Poly Styrene :: Generation Indigo
Nach 30 Jahren ein verblüffend gutes Album der Punksängerin
Poly Styrene war die Sängerin der britischen Band X-Ray-Spex, die Ende der 70er-Jahre die Punk-Bewegung mit den Hymnen „Oh Bondage Up Yours“ und „Identity“ bereicherte. Aus vollem Hals schrie sie damals zur energisch federnden Musik: „Bind me, tie me, chain me to the wall/ I wanna be a slave to you all!“ und „Identity is the crisis, can’t you see / Identity identity“. Jüngere Hörer könnten X-Ray-Spex deshalb leicht mit Le Tigre oder The Gossip verwechseln. 1980 löste sich die Gruppe auf; Poly Styrene, die eigentlich Marian Joan Elliott-Said heißt, produzierte im selben Jahr noch ein eher poppiges Soloalbum und tauchte dann 25 Jahre lang ab in das Reich von Hare Krishna. Nach ein paar Auftritten in den letzten drei Jahren, auch mit X-Ray-Spex, erscheint nun das erste Album seit 30 Jahren.
Keine Ahnung, wer oder was die „Generation Indigo“ ist, vermutlich etwas Esoterisches. Das gleichnamige Album geht jedoch vom ersten Song an gut ins Ohr: „I Luv Ur Sneakers“ klingt kein bisschen nach „Alte Punkheldin will ein paar Tonträger absetzen“, sondern eher fingerschnippend und kopfnickend klasse. Der Produzent Youth hat dem Album überhaupt einen satten Sound verpasst, der schon irgendwie nach den Achtzigern klingt – aber eben so, wie es auch 20-jährige Pop-Fans mögen. Der Titelsong ist dabei die obligatorische Reggae-Nummer, die es damals auf jedem ernst zu nehmenden Punk-/New-Wave-Album gab, nur ein wenig modifiziert in Richtung Dubstep. Das funktioniert grandios. Die immer noch fast mädchenhafte Stimme der Sängerin reitet auf dem Mons- ter-Bass und reibt sich dabei an den rauen Shouts eines Dancehall- Rappers.

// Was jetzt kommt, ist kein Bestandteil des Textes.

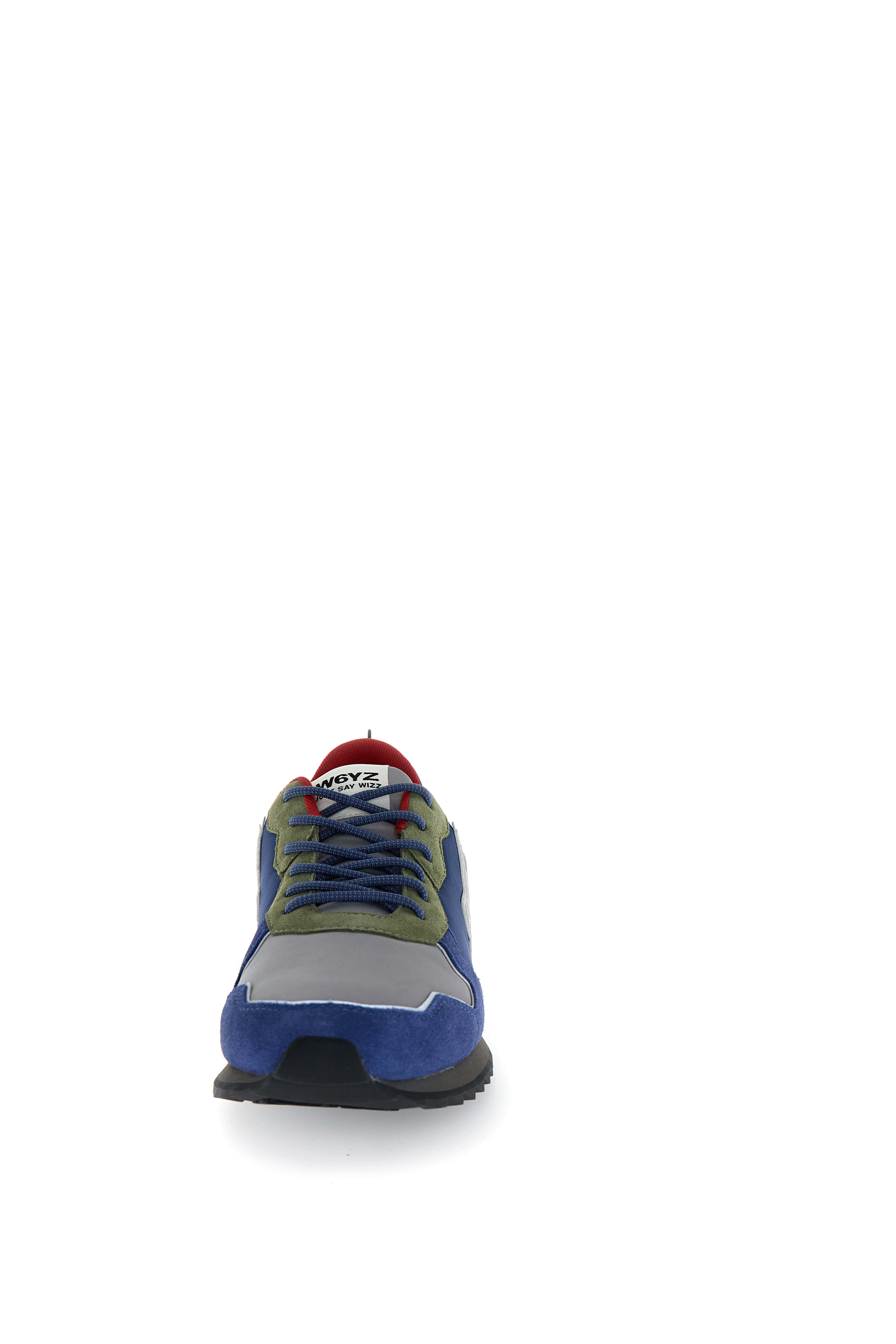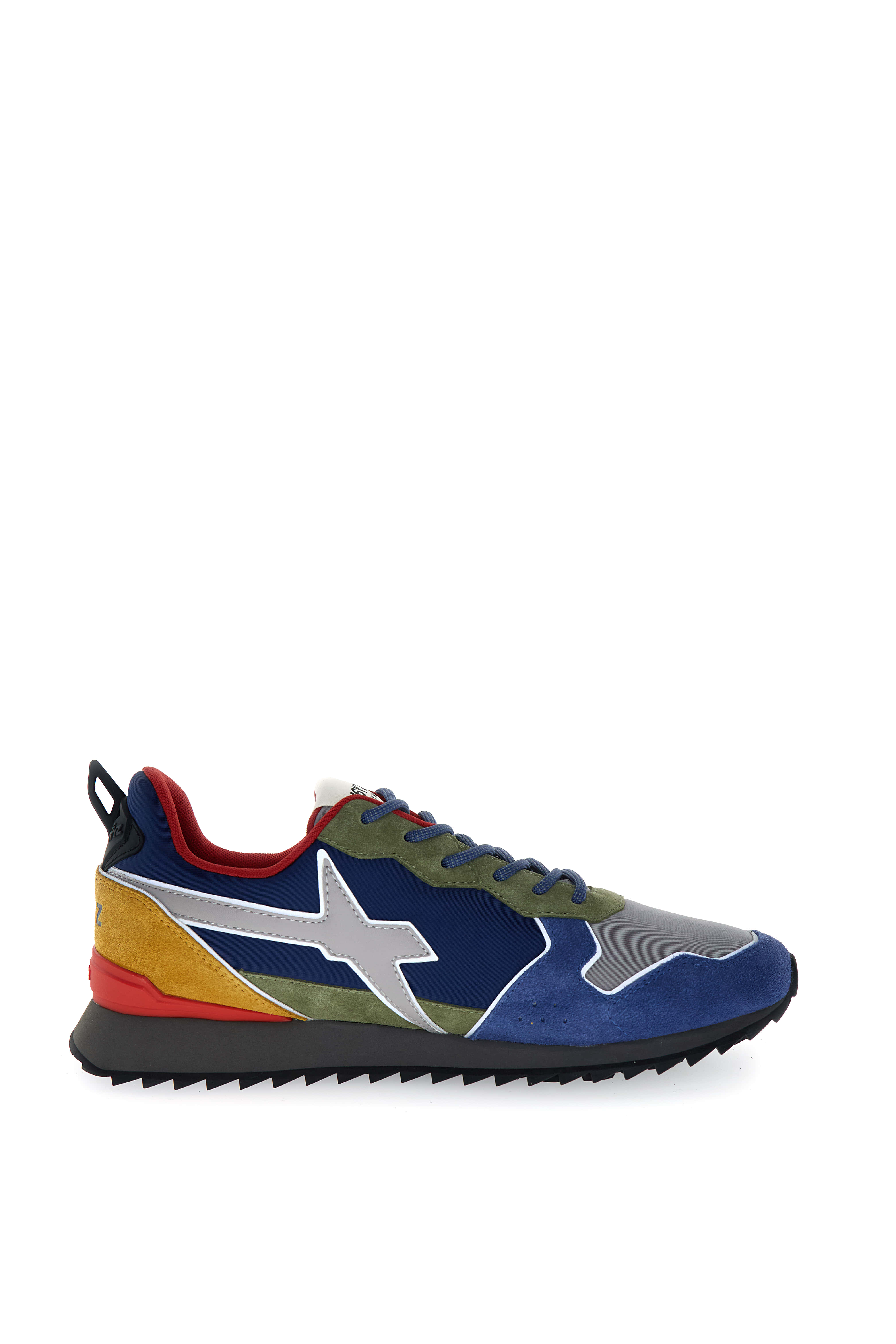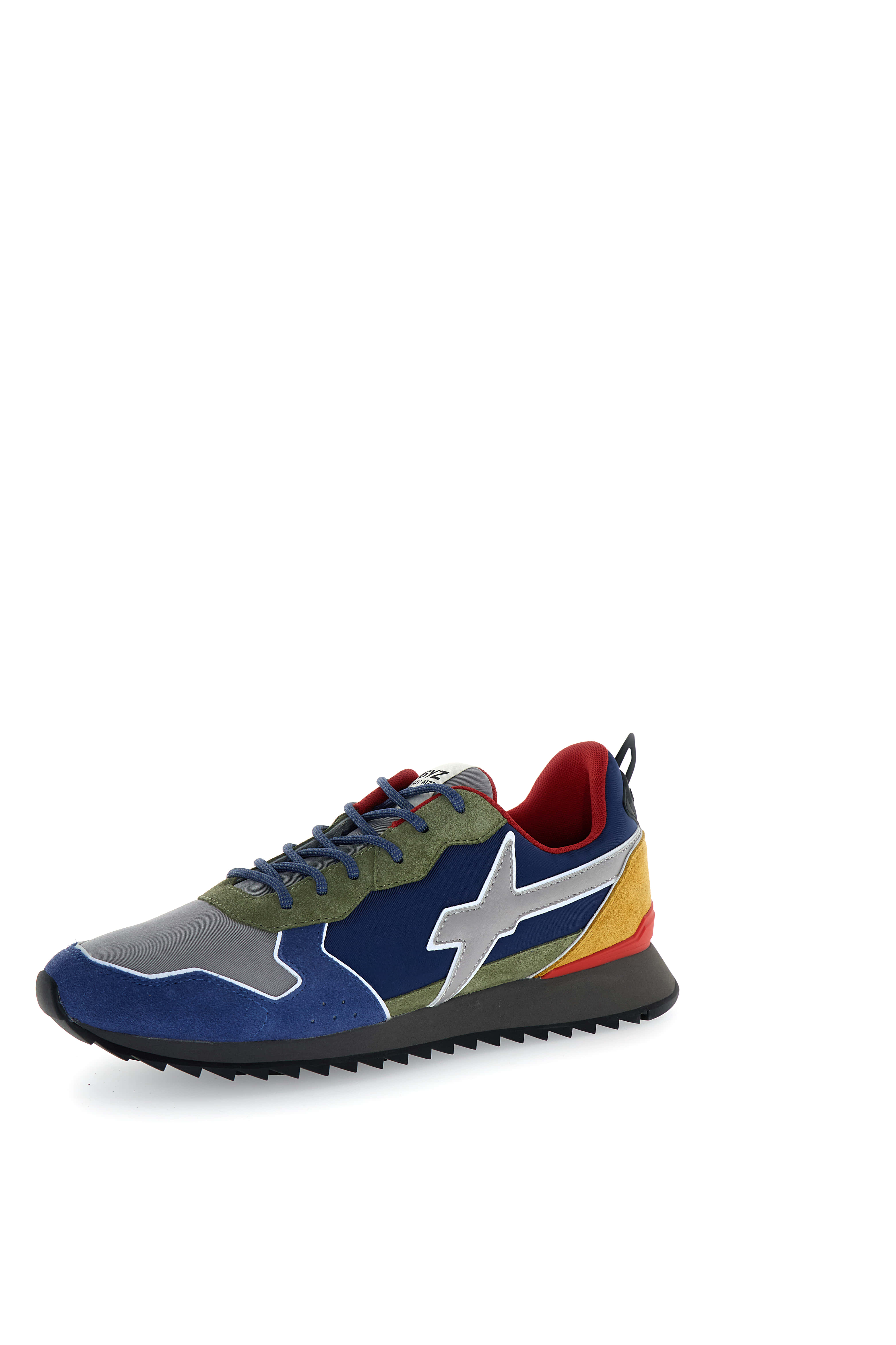 Sneaker in tessuto tecnico e suede bicolor con suola in gomma e logo a contrasto

Andere Songs, wie „Kitsch“ oder „Virtual Boyfriend“, sind perfekter Pop, zwischen den Girl-Groups der Sechziger und den Gender-Bender-Bands von heute. Neuland betritt Poly Styrene dabei natürlich nicht, trotzdem ist „Generation Indigo“ ein verblüffend gutes und überraschend frisches Album. Die Single „Thrash City“ ist leider einer der schwächsten Songs.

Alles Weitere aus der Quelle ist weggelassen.